Armada EDollo - Twig
The other two skis in this Editors' Picks were shoe-ins because of how much other gear editors have loved them, but nailing down my own pick was a real challenge. I definitely considered going with the ON3P Magnus 90 because I think they are a fantastic ski, similar in basic shape to the Wet, but stiffer and more versatile (and less playful/less easy to ski as a result). However, I personally prefer a wider platform than either of those skis ultimately offer, so I decided against.
The ski I actually ended up skiing on pretty much every park day I could last season, because I enjoyed it so much, was the new Armada EDollo. Not that much has changed since the old EDollo, but I prefer the slightly softer tail. It gives the ski a more balanced feel despite having rockered tips and cambered tails.
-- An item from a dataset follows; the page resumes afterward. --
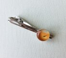 夕焼け空を飛ぶ鳥を描いた絵を、樹脂で閉じ込めたネクタイピンです。

The new edges are slightly fatter (though still not as thick as I'd like to see) and the new core, with its full-length ash stringers, provides more energy on takeoffs and on the exit of butters. They are at their heart, a soft, buttery ski. However, they are still superior on jumps and groomers to heavily tail rockered skis like the Wet/Magnus and even softer skis like the Line Blend. It's hard to pin down exactly what it is about these skis but I loved the old model and I love the new one, it's as simple as that.
An ideal ski for: Those who like soft skis, playful skis, but still want a ski that performs decently outside of the park.
Liberty Helix 98 - Peter (P3t3r & markymark)
The Helix 98 is similar in shape to the EDollo but far stiffer making it much more of a charger's ski. It takes this spot in our picks as a more versatile, stiffer park ski, narrowly ahead of the K2 Poacher which Mark is also a big fan of (as am I). The Poacher is a great ski, as is the Armada ARV 96 that was also considered, but ultimately it was the durability Mark has experienced on the Libertys that tipped the balance. Mark is our resident ski killer. He smashed his way through two pairs of review skis this season in a matter of days. So when he says a ski is super durable, we take notice.
"I personally loved the Helix for my aggressive ski style, mostly hitting large jumps and rails. What I really enjoyed is the wider 98mm platform because it gave me more ski to work with on rails. The stiff camber section allowed me to charge jumps, with the super low swingweight making it easy to go big & spin fast. The slight tip rocker felt great too when initiating turns on trails and skiing slushy days." - Markymark
An ideal ski for: Park skiers who like a wider platform but don't want a softer, less stable ski. Those who like to go big.